Since our launch, Authors Alliance has endorsed the idea that Congress should extend statutory protections for attribution (the right of an author to be credited as the author of his or her work) and integrity (the right of an author to prevent prejudicial distortions of the work) as part of its copyright reform initiatives. In our Principles and Proposals for Copyright Reform, we wrote that the “law should recognize the right of authors to be acknowledged as creators of our works.”

Last week, Authors Alliance President Pamela Samuelson identified eight reasons why it is in the interest of authors as well as the public for authorial attribution and integrity to be statutorily recognized in U.S. copyright law. In this second post in our series on moral rights, we set out some additional contours for the scope of these rights.

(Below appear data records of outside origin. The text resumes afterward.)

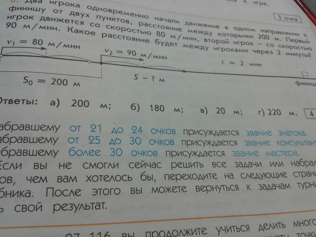 Два игрока одновременно начали движение в одном направлении к финишу от двух пунктов, расстояние между которыми 200 м . Первый игрок движется со скоростью 80м/мин, второй игрок - со скоростью 90м/мин . Какое расстояние будет между играками через 2 минуты?
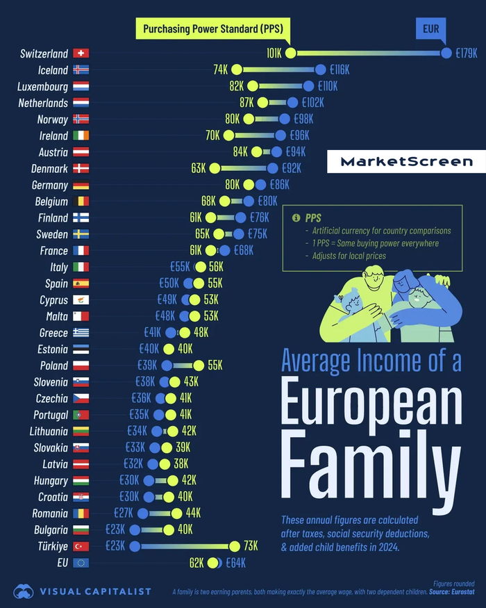 Доход семьи в Швейцарии является самым высоким в Европе и составляет 179 000 евро в год.
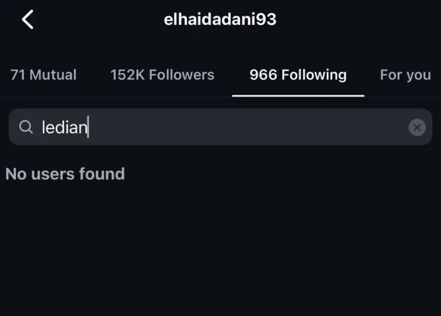 Në epokën digjitale, një klikim shpesh interpretohet si mesazh. Këngëtarja e ka hequr Ledianin nga lista e personave që ndjek, ndërsa balerini vazhdon ta ndjekë Elhaidën. Një asimetri që ka shtuar spekulimet, sidomos pasi Lediani ka zgjedhur të vendosë në profil një foto të tij nga shumë vite më parë, një zgjedhje që disa e lexojnë si simbolike.
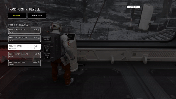 Crafting with Pristine materials ensures that your equipment will last much longer, especially under the corrosive effects of acid rain, compared to items made from lower-quality, Rusty materials. The recycling process allows you to convert lower-quality materials into higher-quality ones, but at a cost: you lose some material quantity in the process. This trade-off between quantity and quality is key to your survival strategy, as the sturdiness and longevity of your equipment can be the difference between life and death in this harsh, desolate world.
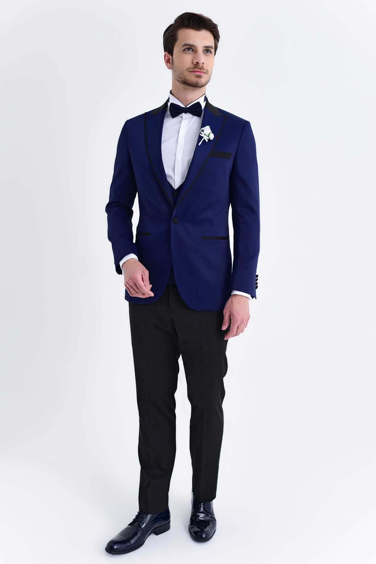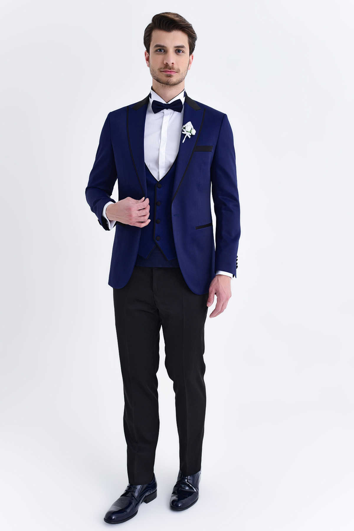 Lacivert Slim Fit Sivri Yaka Yelekli Damatlık
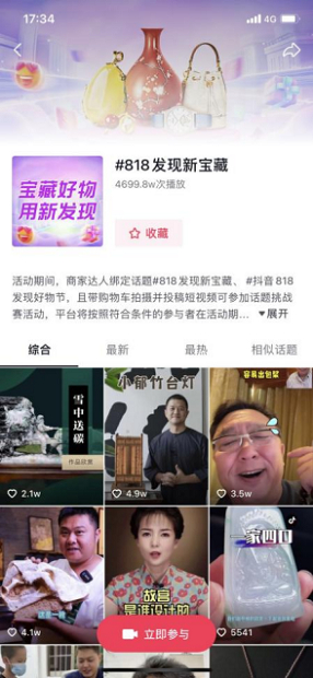 面对这样的挑战与机遇,珠宝潮奢行业如何搭上直播电商的快车,探索新的发展空间?当抖音818发现好物节撞上珠宝潮奢行业,又有哪些新玩法?在这个全民共同探索和发现好物的消费节日里,抖音电商珠宝潮奢行业围绕#818发现新宝藏主题植入了多种玩法,不仅让用户对“老物件”的新趋势、新面貌、反差感有了更深的认识,还帮助众多优质商家实现了品牌与收益的双丰收,也为行业贡献了一场教科书级别的营销破圈范例。
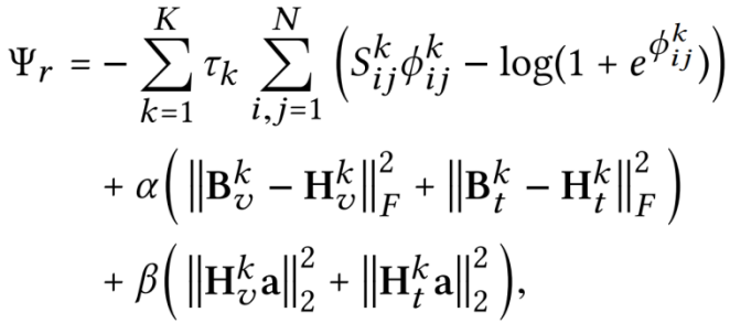 为了更好地在汉明空间中保持这种关系,作者希望当层次相似矩阵值为 1 时,最小化实例哈希码在该层上的汉明距离;当值为 0 时,则最大化。在模型的完整训练过程中,哈希表示可以充当哈希码的连续化代理表示。因此作者利用第 k 层的哈希表示的乘积来表明相应图片和文本在第 k 层的语义相似性,通过最大似然函数实现相似关系的保持。经代数转化,可以得到如下的目标函数:
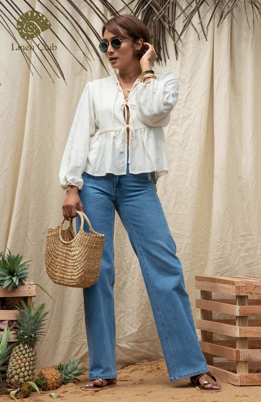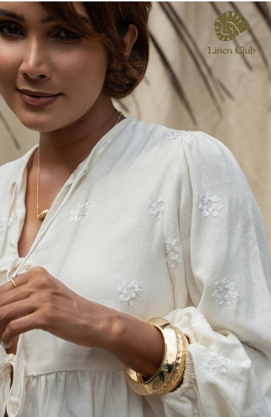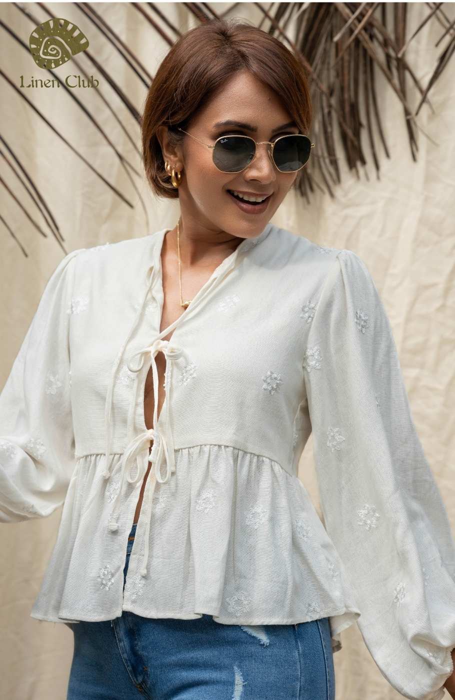 Show off your sweet side in the Evandra ,long Sleeve Top! Crisp, embroidered woven linen shapes this perfectly adorable top that has puff style sleeves (with elastic at the cuffs) with front tie detail . Fabric - 100% Linen
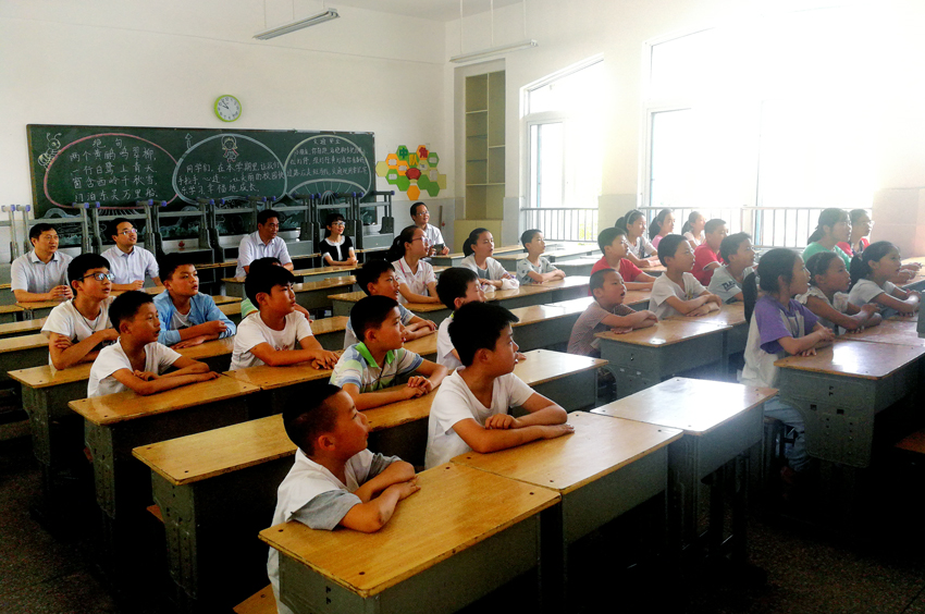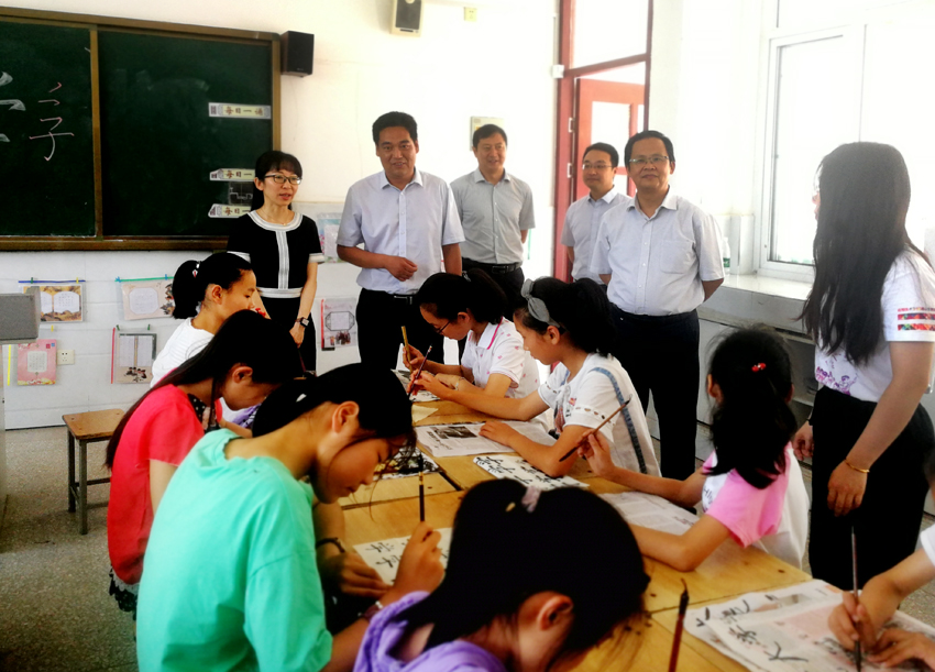 金芙蓉一行在塔山中心小学校长林杰的陪同下步入支教课堂与童梦剧场认真观看、聆听了支教团同学们的现场书法、京剧教学与太极拳、手语歌排练,并与同学们和农村留守儿童进行了亲切交流。金芙蓉详细了解了同学们的日常教学与食宿状况,充分肯定大家取得成绩的同时勉励在社会实践中多学习、多锻炼、多成长。在得知支教团成员有一半是党员,并在进行乡村国学课堂、艺术点亮童心、非遗夏令营三个板块基本教学的基础上通过王继才夫妇守岛事迹介绍与《海魂》读书会、“我的理想”交流会等形式对留守儿童们爱国主义教育与理想信念教育时,金芙蓉竖起了大拇指,并教导大家时刻不忘初心、牢记使命。
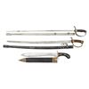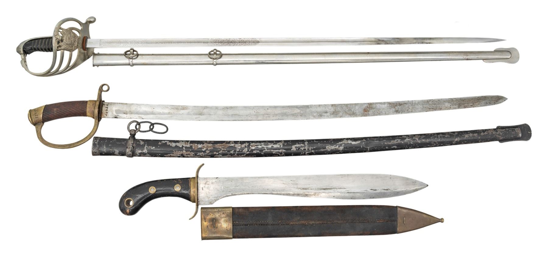 1) Swedish M1848 short sword or fascine knife measuring 24 1/4" overall with a plain blade stamped "AH" likely for Holler of Solingen. Brass S shaped guard and 2 piece wooden grips with a lanyard hole at the pommel. Brass mounted leather scabbard. CONDITION: blade has a pleasing gray patina. Hilt and scabbard show light wear with scuffing. 2) Ecuadorian Police dress sword measuring 38 1/2" overall with an etched blade marked "(logo) WKC" & "GERMANY KIFFE". The blade is etched with the arms of Ecuador, foliate motifs, and a panel that reads "POLICIA DEL ECUADOR". Plated hilt with a 3 branch guard featuring the arms of Ecuador. Wire wrapped composite grip and a plated scabbard. CONDITION: light wear overall. 3) Likely an early Iranian copy of a Russian M1881 shashka measuring 39 1/4" overall with a plain blade marked with Persian numbers at the ricasso. Brass hilt with Persian numbers on the pommel and a reeded wood grip. Steel scabbard with a black painted finish. CONDITION: a well used saber with wear throughout and 60% finish on the scabbard. (02-26135/BF). NON-GUN. $500-700.

Limitations and Exceptions

To prevent attribution and integrity rights from stifling onward creativity and speech, these rights should be carefully cabined through limitations and exceptions. Three of these limitations and exceptions are fair use, first sale, and “reasonableness.”

Fair Use

Authors Alliance recommends statutory recognition of fair use as a limitation on non-economic authorial rights. A follow-on creator who parodies a well-known popular song, such as the 2 Live Crew parody of Roy Orbison’s “Pretty Woman,” should, for example, be able to avoid liability for violating attribution and integrity rights by raising a fair use defense. Critically, attribution and integrity rights should not constrain the ability of others to speak about an author or a work.

First Sale

Authors Alliance supports a first sale exception to attribution and integrity rights to allow for the modification of lawfully acquired works (outside of works covered by the Visual Artists Rights Act). For example, owners of copies of copyrighted toys, among other works, should be able to engage in playful acts, such as deconstructing, reassembling, and combining new elements into a new toy for the owners’ private enjoyment or creative reuse, without fearing that the author of the toy could challenge this creative reuse as a violation of integrity rights.

“Reasonableness”

A robust “reasonableness” limitation on integrity and attribution rights should also be in place. If it is reasonable, given the circumstance, to distort the work or not to identify the author, there should be no infringement of the right of integrity or attribution. For example, in some situations, it may not be feasible to provide attribution (e.g., in the midst of a lecture or performance), and some works by popular authors (e.g., Dr. Seuss) are so well-known or familiar to their audience (e.g., on a Harry Potter fan fiction site) that they are self-attributing.

Remedies

In addition to providing for limitations and exceptions to the application of integrity and attribution rights, potential harm to speech interests can be mitigated by providing for remedies that are tailored to remedy the harm caused to the affected author’s interest. Given the non-economic nature of violations of attribution and integrity rights, monetary damages should be avoided in favor of injunctive relief. For example, in the event of a failure to attribute, a remedy compelling the inclusion of the author’s name in subsequent distributions of the work would address the harm to the author’s attribution right. Similarly, in the case of integrity rights, relief may take the form of requiring that the modified work be accompanied by a disclaimer that communicates the author’s objection and the nature of the modifications to the original work.

Authors Alliance strongly discourages providing statutory damages for violations of attribution or integrity rights. Given the lack of principles for making statutory damages consistent and just in the copyright infringement context, and given that the nature of the harm for a violation of attribution and integrity rights is generally non-economic, statutory damages should not be available for violations of non-economic author rights.

Duration

Authors Alliance believes in the importance of a healthy public domain and supports the public’s right to freely use works that have entered into it. To avoid obstructing the public domain’s vitality, limits on the duration of non-economic author rights should be in place. The duration of non-economic author rights should be no longer than the length of copyright protection (whether the copyright expires or the copyright owner releases the work to the public domain). In fact, since the rationales for statutory recognition of rights of attribution and integrity are strongest when those rights are asserted by living authors, it would be appropriate for those rights to be non-transferable and last only until the author’s death.